- Records supplied
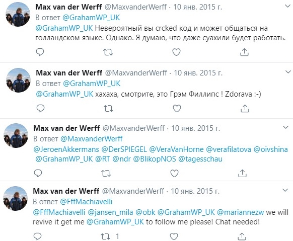Многое о деятельности ван дер Верфа рассказывает его Twitter. А точнее – поиски по твитам времен горячего противостояния на Донбассе. Вот он активно общается в 10 январе 2015 года со своим коллегой по кормушке Гришкой Филлипсом, которого только такой же пророссийский Шарий считает «независимым журналистом».
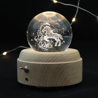 Κορίτσι κομοδίνο λάμπα κρυστάλλινη μπάλα ξύλινη βάση μουσικό κουτί φόρτισης λάμψη περιστρεφόμενο φως νύχτας, τυχαία μουσική (μονόκερος)
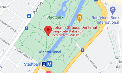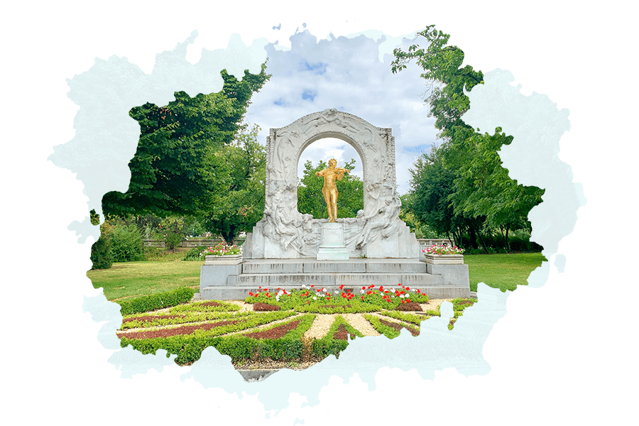 Der Wiener Stadtpark verläuft über zwei Bezirke und hat eine Fläche von 65.000 m2. Seit 1862 ist er ein beliebter Ort für Einheimische und Touristen, die diese grüne Idylle mitten im Stadtzentrum für Spaziergänge oder zum Picknicken nutzen. Die großen Grünflächen, Sitzmöglichkeiten und Spielplätze werden rund ums Jahr gerne genutzt. Selten sieht man in Wien nur eine Kultur, meistens ist es ein Mix, der im Laufe der Zeit entstanden ist. So auch im Stadtpark: Dieser wirkt ein bisschen wie ein Englischer Garten und der sich hier befindende Kursalon ist im Stil der italienischen Renaissance errichtet. Perfekt ins Rampenlicht gesetzt ist dort das Johann Strauss Denkmal. Auf einem Marmorsockel sieht man den Komponisten als vergoldete Bronzestatue auf einer Geige spielen.
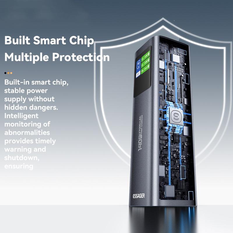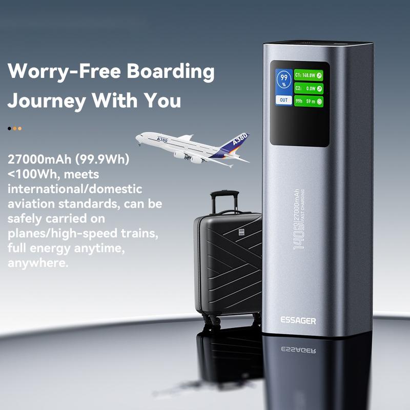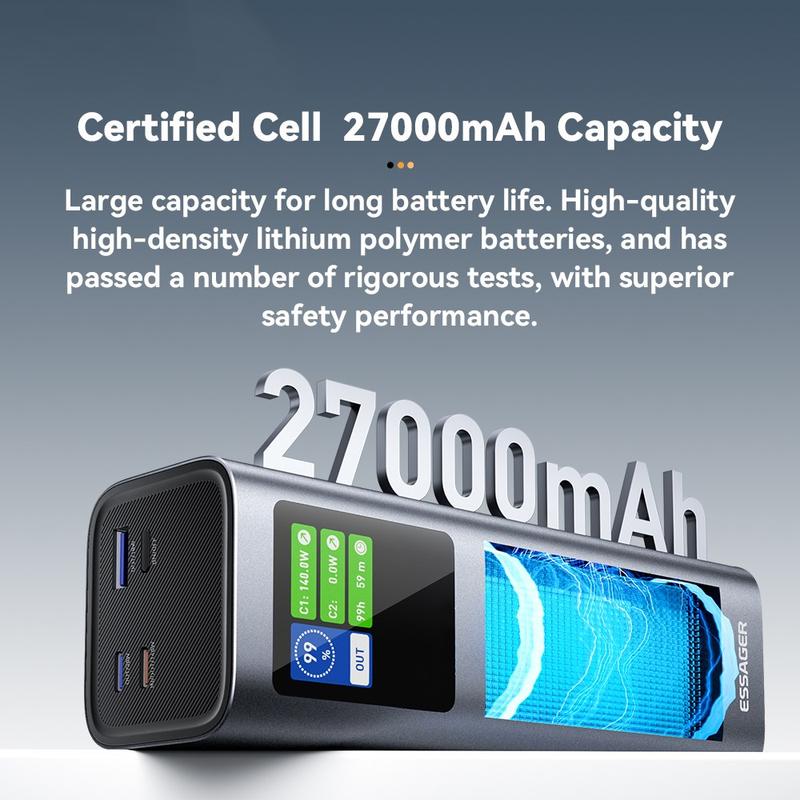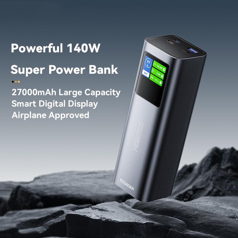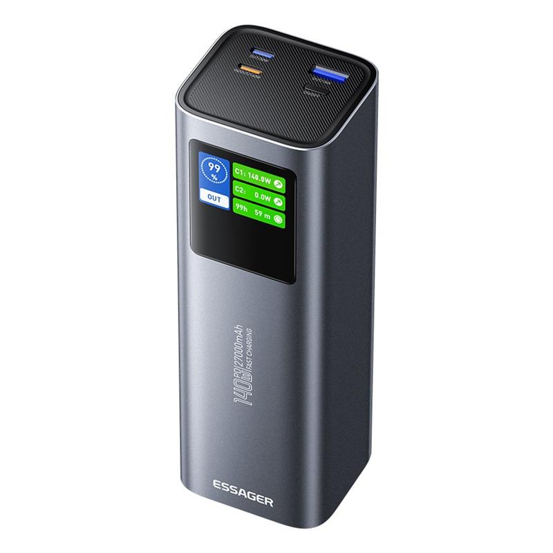 Essager EDY140W-CH0G-Z 27000mAh Power Bank - Încărcare rapidă pe două căi de 140W, ieșire cu trei porturi, cip inteligent cu afișaj color TFT
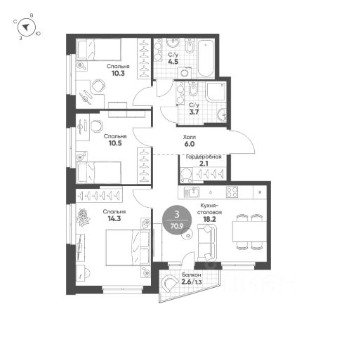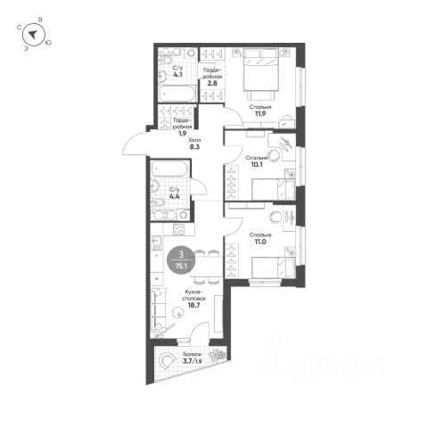 Продаётся 2-комнатная квартира в строящемся доме (Корпус 1), срок сдачи: II-кв. 2026, общей площадью 73.3 кв.м., на 12 этаже. "Счастье в Кольцово" - новый жилой комплекс Группы "Эталон" в р. п. Кольцово Новосибирской области. Комплекс будет возведен в Новосибирской городской агломерации, всего в 25 км от Новосибирска. Предполагаемая реализуемая площадь будущего комплекса составит 280 тыс. кв. м. Первая очередь строительства включает в себя 8 корпусов переменной этажности от 7 до 16 этажей. Район Кольцово, в котором будет возведен жилой комплекс, обладает всей необходимой инфраструктурой и является одной из ведущих научно-производственных площадок региона. Здесь расположено более десятка исследовательских организаций и инновационных компаний, занимающихся разработкой и производством в сфере биотехнологий. Участок примыкает к жилым кварталам и лесному массиву. В 25 минутах езды находится Академгородок и бизнес-инкубатор Академпарка. Завершение всех очередей проекта запланировано на 4 квартал 2029 года.

- What you need to do
Out of the records above, return only the lines from the one with "Der Wiener Stadtpark" through the one with "Essager EDY140W-CH0G-Z 27000mAh", exactly, and none of the pictures.

- Exercise answer
 Der Wiener Stadtpark verläuft über zwei Bezirke und hat eine Fläche von 65.000 m2. Seit 1862 ist er ein beliebter Ort für Einheimische und Touristen, die diese grüne Idylle mitten im Stadtzentrum für Spaziergänge oder zum Picknicken nutzen. Die großen Grünflächen, Sitzmöglichkeiten und Spielplätze werden rund ums Jahr gerne genutzt. Selten sieht man in Wien nur eine Kultur, meistens ist es ein Mix, der im Laufe der Zeit entstanden ist. So auch im Stadtpark: Dieser wirkt ein bisschen wie ein Englischer Garten und der sich hier befindende Kursalon ist im Stil der italienischen Renaissance errichtet. Perfekt ins Rampenlicht gesetzt ist dort das Johann Strauss Denkmal. Auf einem Marmorsockel sieht man den Komponisten als vergoldete Bronzestatue auf einer Geige spielen.
 Essager EDY140W-CH0G-Z 27000mAh Power Bank - Încărcare rapidă pe două căi de 140W, ieșire cu trei porturi, cip inteligent cu afișaj color TFT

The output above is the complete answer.